Mortgage firm Fannie Mae - along with other finance giants - is being probed by the FBI over allegations of fraud

IMF director general Dominique Strauss-Kahn told a German newspaper that European banking was stronger than the crisis-ravaged US sector but "it might be adviseable for the Europeans to prepare for the worst-case scenario."

Stocks wobbled in London, gaining 0.17 percent at mid-day in line with feverish European trading after a closing rise of 0.20 percent in Japan.

The main support came from legendary US investor Warren Buffett who announced a 5.0-billion-dollar investment in humbled Wall Street bank Goldman Sachs.

But the dollar fell on arguing among US policymakers over a 700-billion-dollar government rescue plan for financial markets.

The Federal Reserve central bank offered another 30 billion dollars to dollar-starved foreign markets via central bank "swap" deals, to a new total of 277 billion dollars, because of "elevated pressures".

And leading central banks continued to provide special rolling funds to open up fear-strangled interbank lending.

"We continue to bounce from boom to gloom to boom to gloom," said Richard Herring, director at Australia's Burrell Stockbroking, amid comment that the crisis is comparable to the slide towards the 1930s Great Depression.

"First and foremost this is an American crisis," Strauss-Kahn, a Frenchman and a central figure in the global economy as head of the International Monetary Fund, told the German newspaper Frankfurter Allgemeine Zeitung.

"European banks have also suffered losses ... but all in all they are in a better state that American ones. But it might be adviseable for the Europeans to prepare for the worst case scenario."

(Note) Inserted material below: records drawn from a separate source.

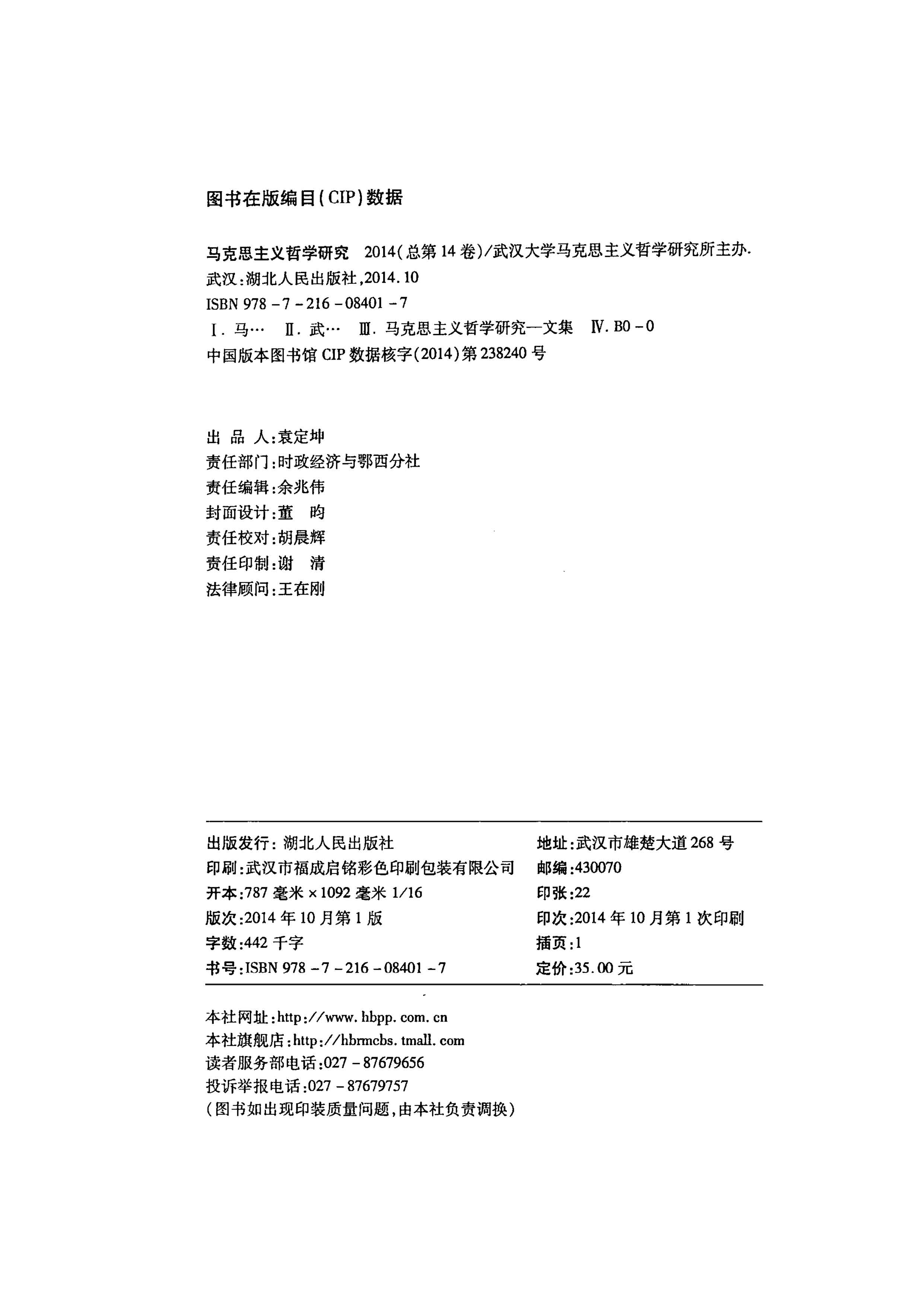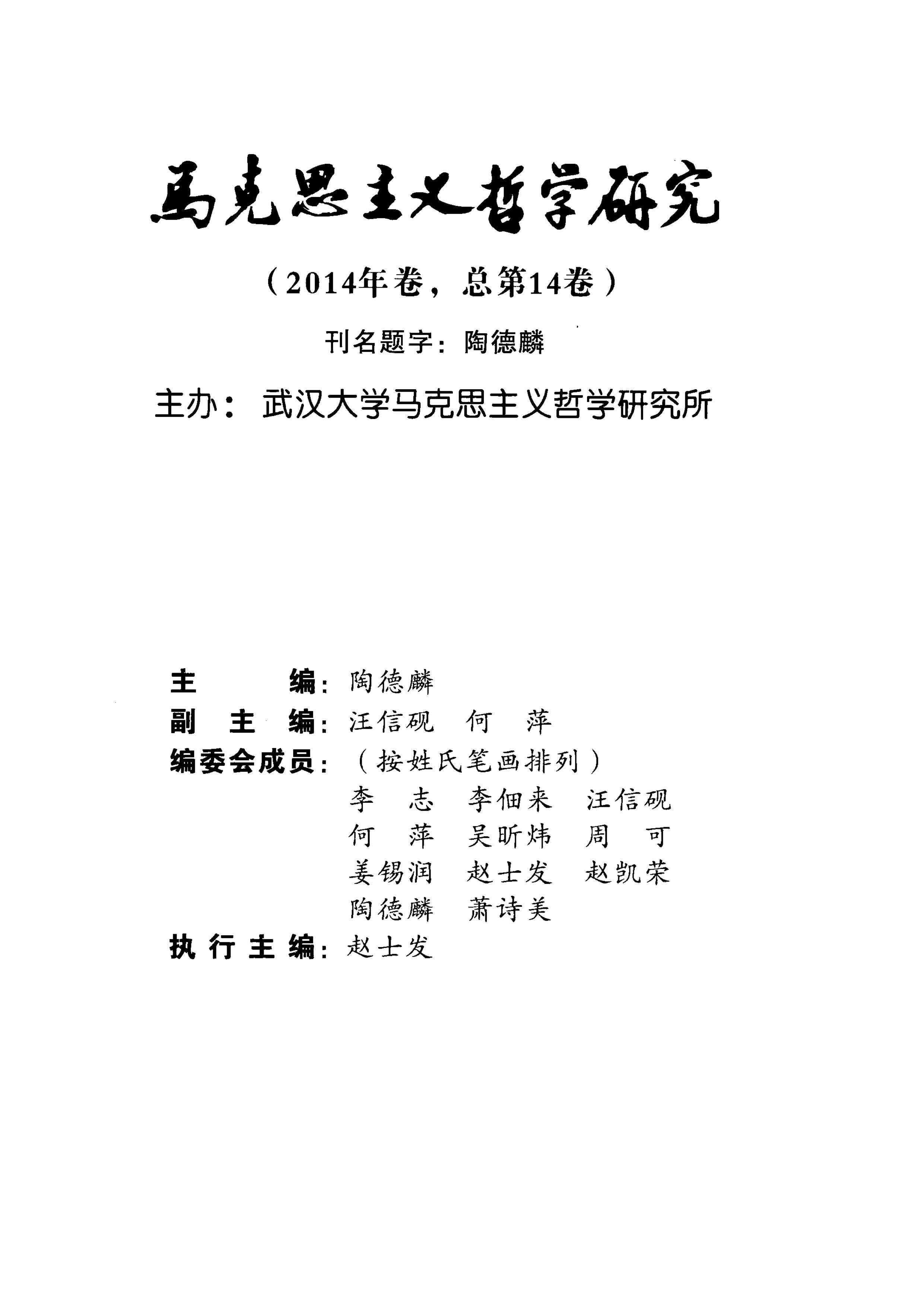 《马克思主义哲学研究》(2014年)
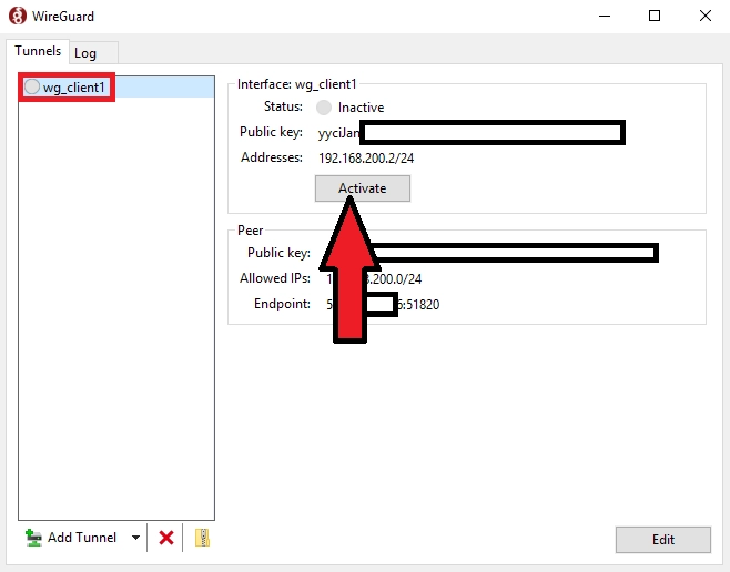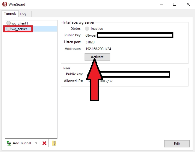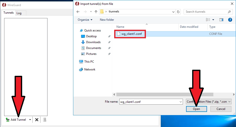 Zatim otvorite spremljenu arhivu, u njoj će se nalaziti konfiguracije svih naših tunela. Dajte klijentu njegovu konfiguracijsku datoteku. 7) Na poslužitelju odaberite konfiguraciju poslužitelja i pokrenite program. 8) Na klijentu dodajte konfiguracijsku datoteku u WireGuard. Dodaj tunel → Odabir konfiguracijske datoteke klijenta → Otvori.
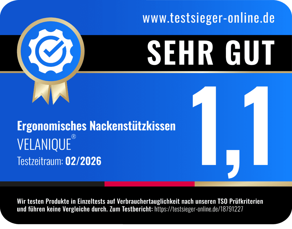 Nach intensiver Prüfung kann das ergonomische Nackenstützkissen der Marke VELANIQUE® durch seine Qualität und die durchdachte Gestaltung bestechen.
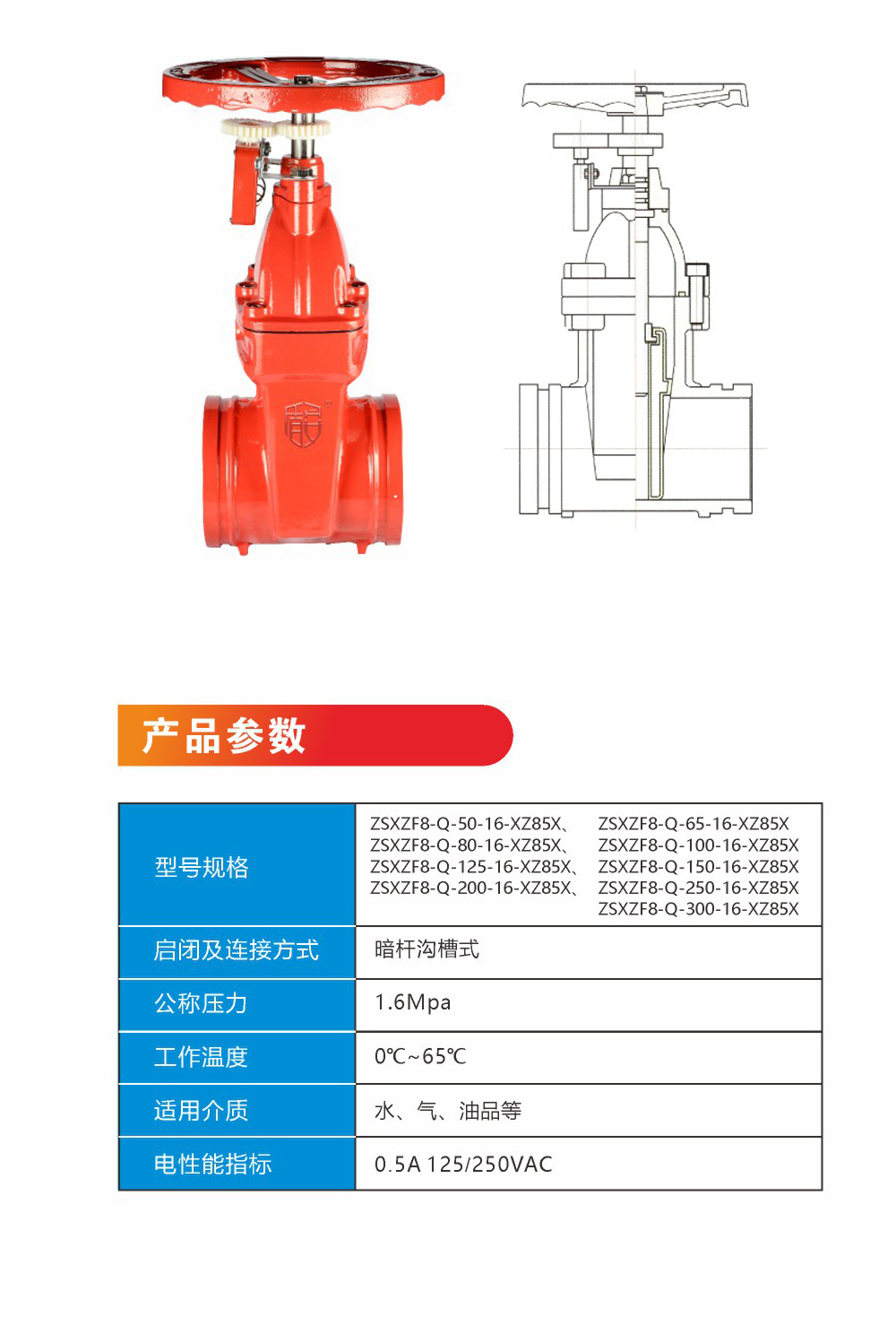 ZSXZF8-Q-100-16-XZ85X沟槽式消防信号闸阀根据GB51356-2018标准而设计
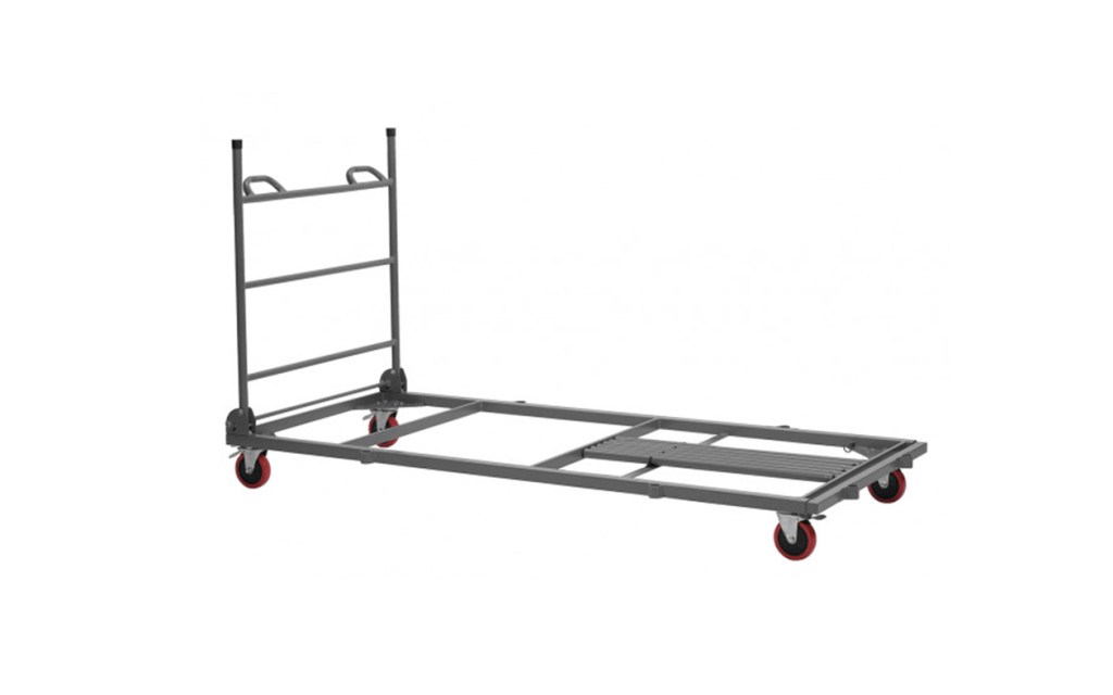 Le chariot de transport pliant est conçu pour optimiser la logistique de vos événements. Sa structure robuste en tube d’acier, avec finition époxy grise, supporte une charge maximale recommandée de 333 kg. Sa base extensible et réglable (de 193 à 254 cm) s’adapte parfaitement à vos besoins et permet de transporter jusqu’à : 18 grandes tables de 240 × 76 cm, 20 tables de 180/150 × 76 cm et 24 tables de 120 × 76 cm.
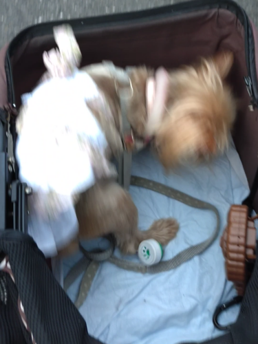 のびのび寝ているじゅりを起こし、電車に乗ってやってきたのは、家電量販店です(事前に電話でワンコ入店OKを確認済み)。実は前日に、晴れ続き&お友達の「カーテン洗ったよ」メールに触発され、カーテンを洗って3バッチ目が終わったところで、洗濯機がダウン。あと2バッチ分カーテンが残っているのに…。(でも洗っている最中でなくてよかった)メーカーに問い合わせるも「長い間お使いいただきありがとうございます。ですが…」そう、我が家の洗濯機は20年選手。修理不能ということで、買い替えることとなりました。先月windows11切替でPCを買い替えたばかりなのに、イタイ出費です。洗濯機は、洗う量と外寸が決まっていれば、選択肢は少ないので選ぶのに時間はかかりませんが、お店はかなりお客様が入っており、お会計も30分待ち。半数は外国人で、始終店内放送で「英語対応スタッフ」の呼び出しがされていました。じゅりは電車でもお店でもバッグの中でとってもイイコ。お買い物の後は。しっかりお散歩しながら帰りました。設置は2日後だったので、4日間、手洗い洗濯の日が続きました。冬でなくてよかったです~~。余談:お店では、お会計待ちの間、私には冷たいお水を、 じゅりには常温のお水を出してくれました。 対応してくださったベトナム人の店員さんの心遣いに、嬉しくなりました。
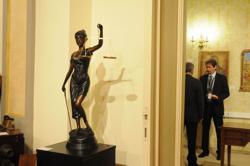 Vocea comisarului de licitație Adina Matei răsună până în camera unde se află drapelul lui Avram Iancu: „Pasul următor – 2000 de euro! Cine dă mai mult? Încă 500 de euro pentru globul pământesc din jad! Pasul următor – 2.500 de euro! Adjudecat!”
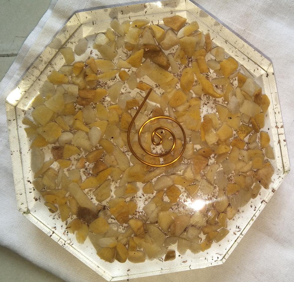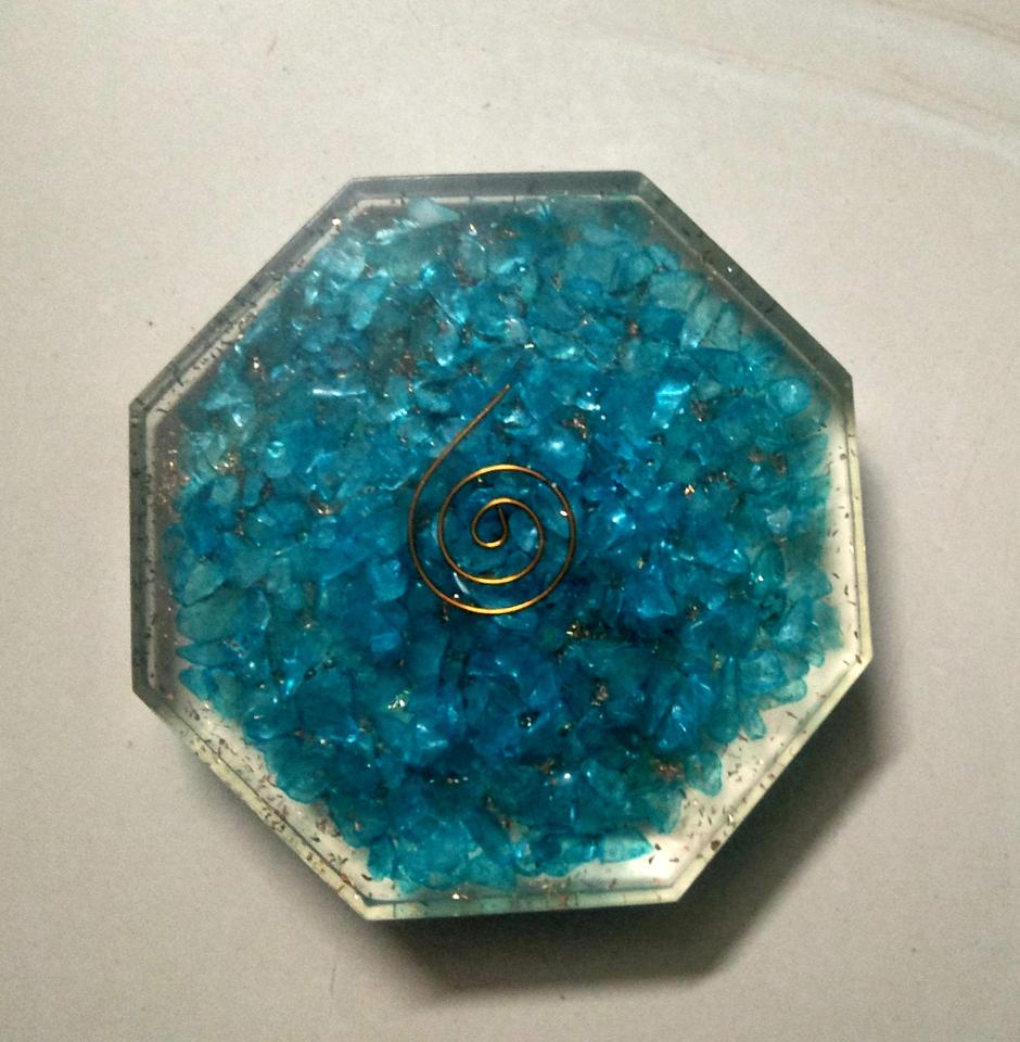 Sous-verre naturel d'orgone en apatite de meilleure qualité avec spirale en cuivre pour la protection contre les CEM et l'énergie positive pour l'exportation
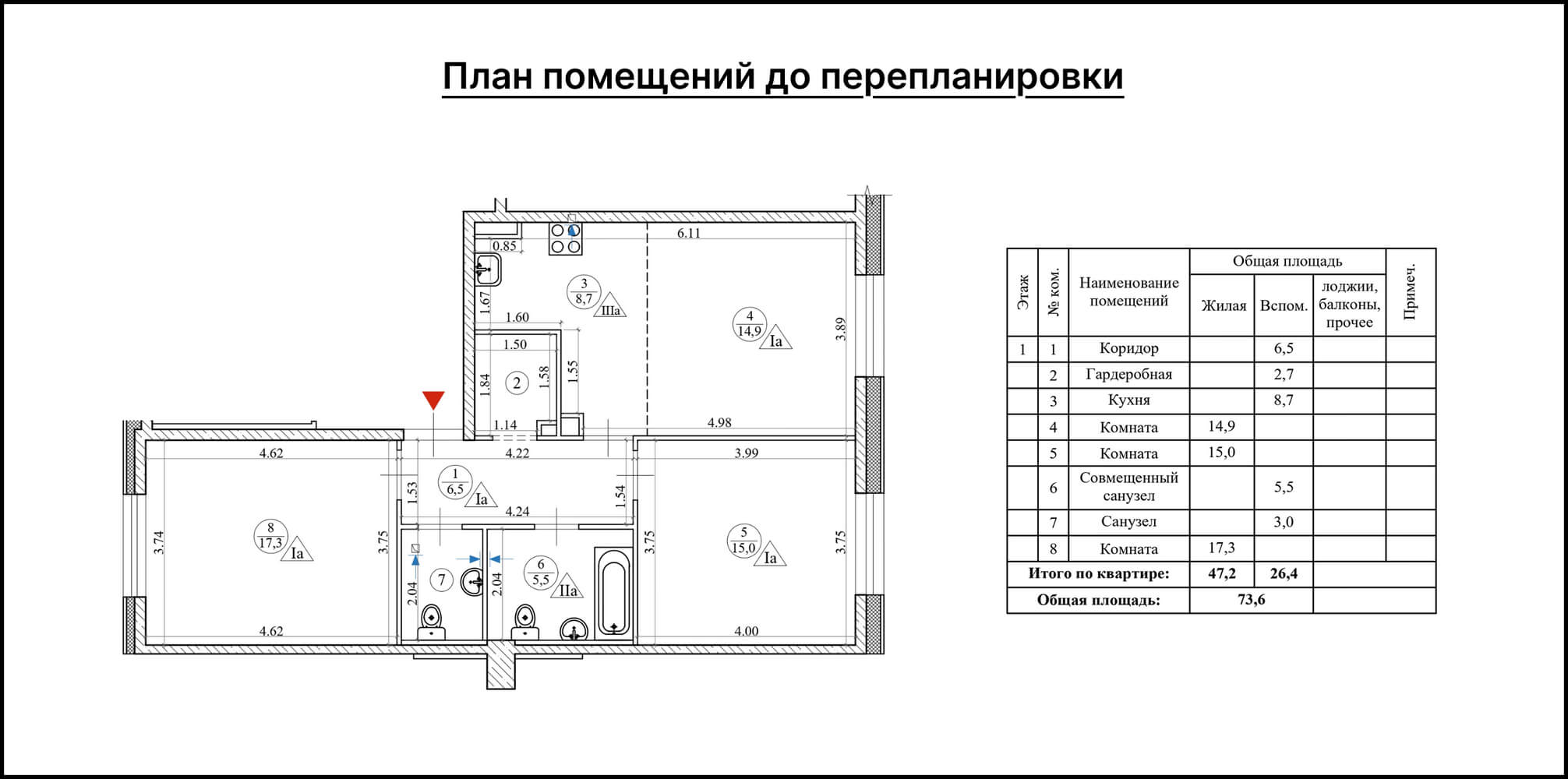 Трёхкомнатная квартира расположена на первом этаже 9-этажного дома 2024 года постройки. Общая площадь — 73,6 м². Изначальная планировка: кухня, три комнаты, два санузла, гардеробная и коридор.
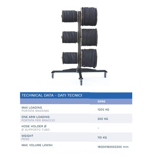 Držák hadice SRB6 je navržen tak, aby Vám pomohl zorganizovat práci a udržet vaši dílnu uklizenou. Verze SRB6 je opatřena šesti podpěrami, které usnadňují navíjení a odvíjení hydraulických hadic.Rozměry D x Š x V: 1600x1600x2300 mm.Dodací termín cca max. do 3 týdnů.

The head of the World Trade Organization Pascal Lamy issued a strong warning that the "current hurricane" hitting financial markets must not discourage efforts for greater international economic openness.

"One of the important lessons of the Great Depression, which we must not forget, is that protectionism and economic isolationism do not work," he said in Geneva.

Explaining market sentiment, Derek Halpenny at the Bank of Tokyo-Mitsubishi in London, said: "A capital injection for Goldman Sachs and the extension of dollar swap agreements between the Federal Reserve and other central banks around the world have helped calm financial markets that remain very fragile."

ABN Amro analyst Robert Lind said: "Equity markets were in the depths of despair early last week. Then there was a euphoric surge on Friday, followed by renewed gloom earlier this week."

The euro rose to 1.4663 dollars in London from 1.4657 in New York late on Tuesday. Gold dropped to 889.63 dollars an ounce from 899 dollars late Tuesday.

The New York November contract oil price rose 1.84 dollars to 108.45 dollars a barrel, but traders said sentiment was dominated by concern that the rescue plan might not save the global economy from slowing growth.

US Treasury Secretary Henry Paulson, pressing a sceptical Congress to approve his enormous plan, warned starkly Tuesday that delay carried a high risk that a racing subprime "chain reaction" would "threaten all parts of our economy."

But lawmakers remained highly critical and wary of the plan. The chairman of the Senate banking committee Christopher Dodd summed up much of the hostility in equally blunt terms: "This is not acceptable... this is not going to work."

Opinion polls suggest that the Democrats' candidate for the presidency Barack Obama has gained ground over his Republican rival John McCain on deep controversy over the crisis and the plan.

There is widespread incomprehension and outrage at how the subprime home-loan crisis developed, spreading into a global crisis, while some bankers in the field were earning huge bonuses.

US media reports said that the Federal Bureau of Investigation was looking into allegations of fraud by 26 Wall Street firms, including several of the names at the eye of the storm including Lehman Brothers, Fannie Mae, Freddie Mac and insurer AIG.

FBI spokesman Richard Kolko told ABC television the bureau "currently has 26 pending corporate fraud investigations involving subprime lenders."

The Paulson rescue was in preparation for months, it has emerged, as name after name on Wall Street hit distress, had to be rescued or headed for failure.

In Hong Kong Wednesday, hundreds of savers mobbed branches of the Bank of East Asia to withdraw deposits despite reassurances by the bank that it was not over-exposed to failed US bank Lehman Brothers and the rescued US insurer AIG.